### Source information:
----

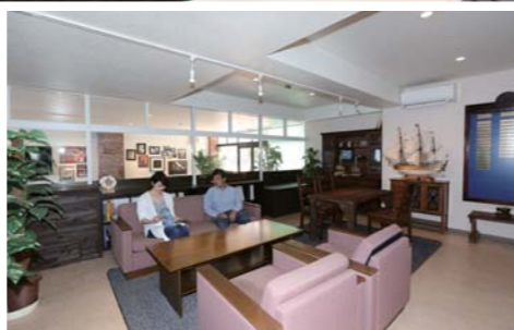
クラシカルな雰囲気、居心地の良いマリーナです。
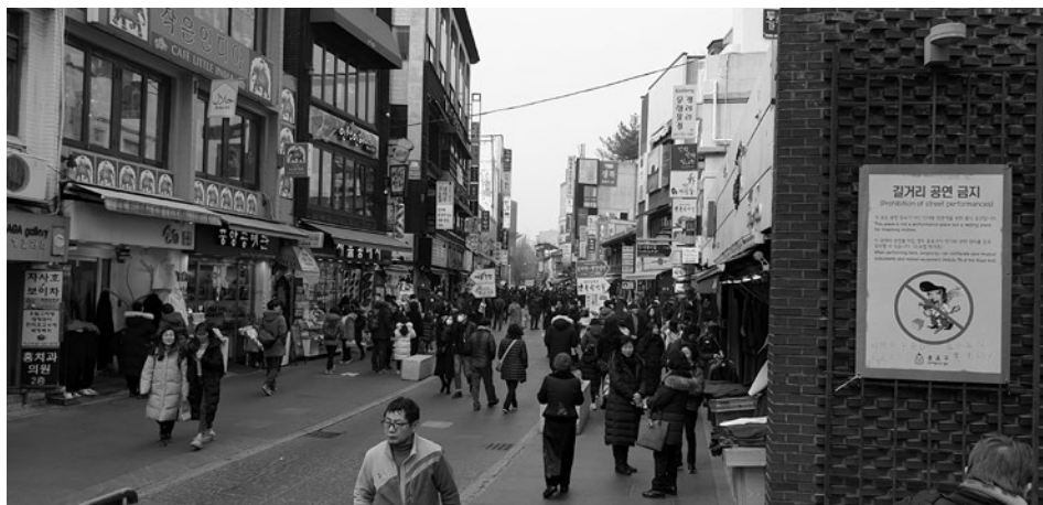
5. kép Cshonggyecheon hagyományos környéke ma sétálóutca és látványosság Photo 5 The traditional neighbourhood of Cheonggyecheon is today pedestrian street and attraction

A 2014-ben létrejött bizottság – CSO MJONG-RE vezetésével – az újbóli rekonstrukciót szorgalmazta, de figyelmen kívül hagyta, hogy a város egy folyamatosan változó közeg. A kritikusok szerint a „tereprendezésnek” degradált városfejlesztés és rekonstrukció viszont a kerület dzsentifikációját eredményezte (5. kép). JEON, C. – KANG, K. (2019) meg is jegyzi, hogy még a városrehabilitáció, a mesterséges tereprendezés legerősebb bírálója, a szociológus CSO MJONG-RE sem említette a környék ipari múltját, azt a társadalmi hely-
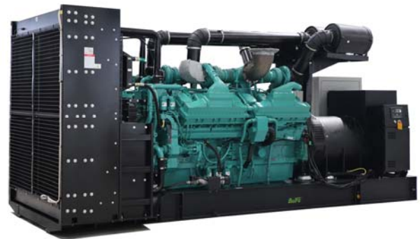
机组外形, 仅供参考
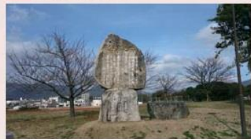
1967(昭和42)年建立。 「月が出た出た月が～」の炭坑節の歌詞が刻まれた碑。
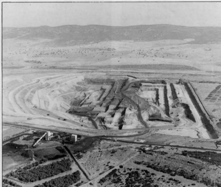
El Plan Energético Nacional (PEN) potencia la utilización de las minas de carbón a cielo abierto de Puertollano.

Una semana antes de producirse la decisión de la Comisión Técnica, el alcalde viajó en compañía de los técnicos de Endesa para avalar con su presencia la aceptación del proyecto por los ciudadanos de Puertollano. Otros dos proyectos, uno danés con participación alemana, y otro exclusivamente alemán, compitieron con el español con el objetivo
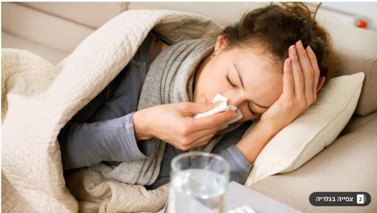
2 צפייה בגלריה

גם הנגיף שגורם למחלת השפעת יכול ליצור מחלה ממש קשה
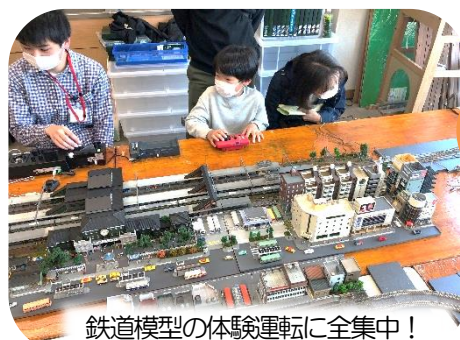
鉄道模型の体験運転に全集中！ 気分は運転士、「出発進行！」
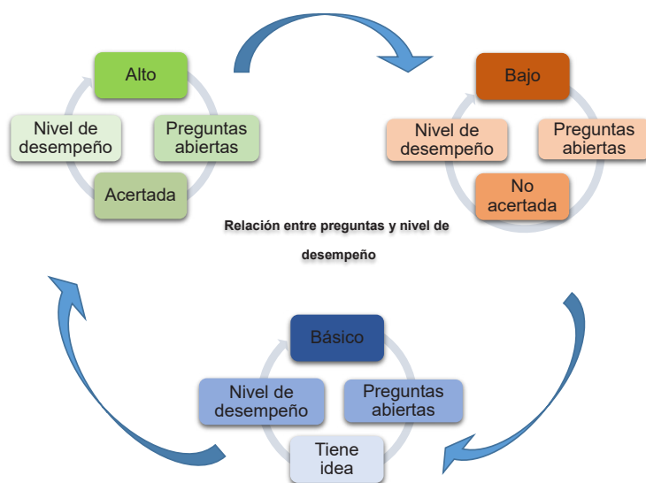
Figura 1. Relación entre preguntas y nivel de desempeño Fuente: elaboración propia.

Para manejar la información cuantitativamente, se asignan unas categorías a las respuestas obtenidas en las encuestas y se establece relación entre estas categorías y los criterios de evaluación adoptados en la Institución Educativa que son: desempeño bajo (1 a 2,9), básico (3,0 a 3,9), alto (4,0 a 4,6) y desempeño superior (4,7 a 5,0). Esta información se precisa en la figura 1.

----

### Work instructions:
Repeat the entries exactly as they are given, leaving out each image.

### Task response:
クラシカルな雰囲気、居心地の良いマリーナです。
5. kép Cshonggyecheon hagyományos környéke ma sétálóutca és látványosság Photo 5 The traditional neighbourhood of Cheonggyecheon is today pedestrian street and attraction

A 2014-ben létrejött bizottság – CSO MJONG-RE vezetésével – az újbóli rekonstrukciót szorgalmazta, de figyelmen kívül hagyta, hogy a város egy folyamatosan változó közeg. A kritikusok szerint a „tereprendezésnek” degradált városfejlesztés és rekonstrukció viszont a kerület dzsentifikációját eredményezte (5. kép). JEON, C. – KANG, K. (2019) meg is jegyzi, hogy még a városrehabilitáció, a mesterséges tereprendezés legerősebb bírálója, a szociológus CSO MJONG-RE sem említette a környék ipari múltját, azt a társadalmi hely-
机组外形, 仅供参考
1967(昭和42)年建立。 「月が出た出た月が～」の炭坑節の歌詞が刻まれた碑。
El Plan Energético Nacional (PEN) potencia la utilización de las minas de carbón a cielo abierto de Puertollano.

Una semana antes de producirse la decisión de la Comisión Técnica, el alcalde viajó en compañía de los técnicos de Endesa para avalar con su presencia la aceptación del proyecto por los ciudadanos de Puertollano. Otros dos proyectos, uno danés con participación alemana, y otro exclusivamente alemán, compitieron con el español con el objetivo
2 צפייה בגלריה

גם הנגיף שגורם למחלת השפעת יכול ליצור מחלה ממש קשה
鉄道模型の体験運転に全集中！ 気分は運転士、「出発進行！」
Figura 1. Relación entre preguntas y nivel de desempeño Fuente: elaboración propia.

Para manejar la información cuantitativamente, se asignan unas categorías a las respuestas obtenidas en las encuestas y se establece relación entre estas categorías y los criterios de evaluación adoptados en la Institución Educativa que son: desempeño bajo (1 a 2,9), básico (3,0 a 3,9), alto (4,0 a 4,6) y desempeño superior (4,7 a 5,0). Esta información se precisa en la figura 1.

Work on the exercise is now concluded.